同坐之人也是惴惴不安,连忙劝道:“是啊!我们不过求一个财字,这种话不可再说!”
孙怀远却是毫不为意,大喇喇道:“各位都是一根绳上的蚂蚱,难道还有人会去告密不成!”看见大家全都连番保证,才一捋胡须得意的道:“目前朝廷什么样各位还看不清楚吗?没了我江南子弟,皇上一个人做的了什么?得罪狠了,自有人取而代之!...”
眼见得话语越来越露骨,众人如坐针毡,赶紧各找理由告辞而去!
孙怀远冷眼看着,不时冷笑一声,一群下三流的商贾、胆小鬼,难成大事!
...
紫禁城乾清宫内,崇祯皇帝正与几位重臣商议盐引之事!
礼部尚书兼次辅温体仁出班拱手道:
“陛下,盐引之事关系国计民生,历朝历代都是重中之重!只是如今乃多事之秋,南涝北旱,百姓生计维艰,此时万万不可再与民争利,当体恤下情,休养生息啊?臣以为当以现今之法不变,方能确保百姓不出变乱!”
内阁首辅周延儒却大摇其头,也一步跨出,奏对道:
“温大人此言差矣。盐引之事,历经多朝演变而来,目前所行之法与国朝初期己经是背道而驰!如今天灾人祸,兵连祸结,朝廷税赋却是一减再减,不但无力救灾,就连边军的粮饷都捉襟见肘,再不改制,于国于民都无分毫益处。”
温体仁针锋相对道:
“首辅大人此言差矣,盐引税法与国朝初期大相径庭正可谓是适应潮流,应运而生!
早期的开中法滋生了多少弊端,不用下官在此一一列来了吧!
光是边关镇守、封疆大吏与盐商间相互勾结,损公肥私,蓄养私兵导致尾大不掉一项,可就是要亡国的祸根啊!
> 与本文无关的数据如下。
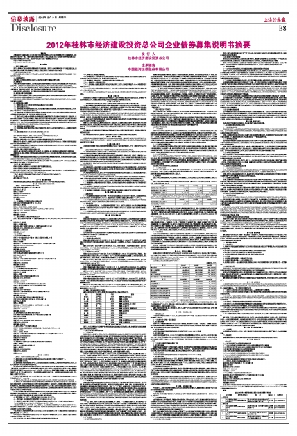 募集说明书摘要:指发行人根据有关法律、法规为本期债券发行而制作的《2012年桂林市经济建设投资总公司企业债券募集说明书摘要》。
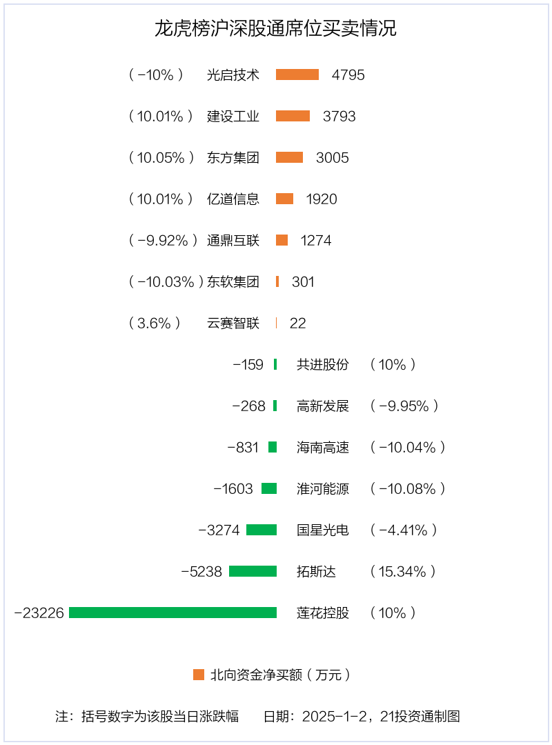 机构净卖出的个股中,金额最多的是国星光电(002449.SZ),当日收盘下降4.41%,换手率为39.92%。 北向资金净买入7股,净卖出7股1月2日,北向资金参与龙虎榜中的个股共有14只,所有净卖出1.95亿元。其中沪股通净买入3股,净卖出3股,所有净卖出2.17亿元;深股通净买入4股,净卖出4股,所有净买入2172.78万元。 北向资金净买入金额最多的是光启本领(002625.SZ),净买入4795.42万元,占总成交金额的1.49%。净卖出金额最多的是莲花控股(600186.SH),为2.32亿元,占总成交金额的7.44%,当日收盘飞腾10%,换手率为28.82%。
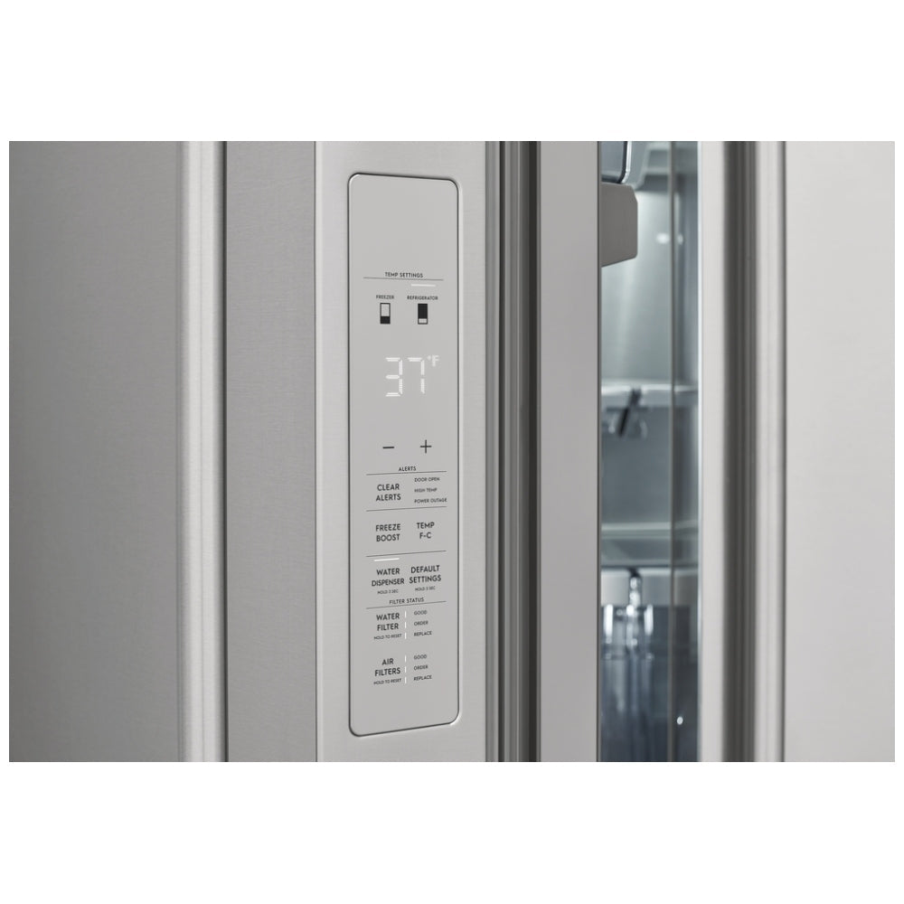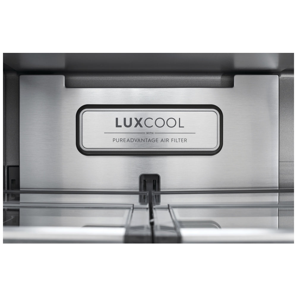 The Electrolux ERFG2393AS Full Size Refrigerator features TasteLock Plus Crispers, Flexible Organization System, LuxCool Cooling System, Auto-Close Doors, Pure Advantage Water & Ice Filter, Pure Advantage Refrigerator Air Filter, Tall Ice and Water Pocket, Counter-Depth Design, Quick Freeze, and Premium LED Lighting.

而“纲盐法”实乃先帝呕心沥血想出来的最为熨帖之法,尤其对中央控制地方至关重要!万万不可一变再变啊!”
“最为熨帖吗!”首辅周延儒埝须一笑:“说的好啊!你们两淮徽商是舒坦了,熨帖得很!可边地的将士们却吃不上饭了,天下的老百姓也越来越吃不起盐了!”
说到这里,周延儒不由大声骂道:“把持商路,操纵盐价,降低品质,把粗盐、毒盐高价卖给百姓,百姓吃了以后往往浑身乏力,上吐下泻!这赚的是昧心钱!是该杀头的啊!”
“胡说!吃多了才会中毒,老百姓哪舍得一次放那么多!”礼部尚书兼次辅温体仁气的吹胡子瞪眼。
一时间落针可闻,众人皆都面色古怪的看着他,这居然是吏部尚书说出来的话。
温体仁也意识到了自己说漏了嘴,汗水一滴滴冒了出来,“臣,臣不是...!”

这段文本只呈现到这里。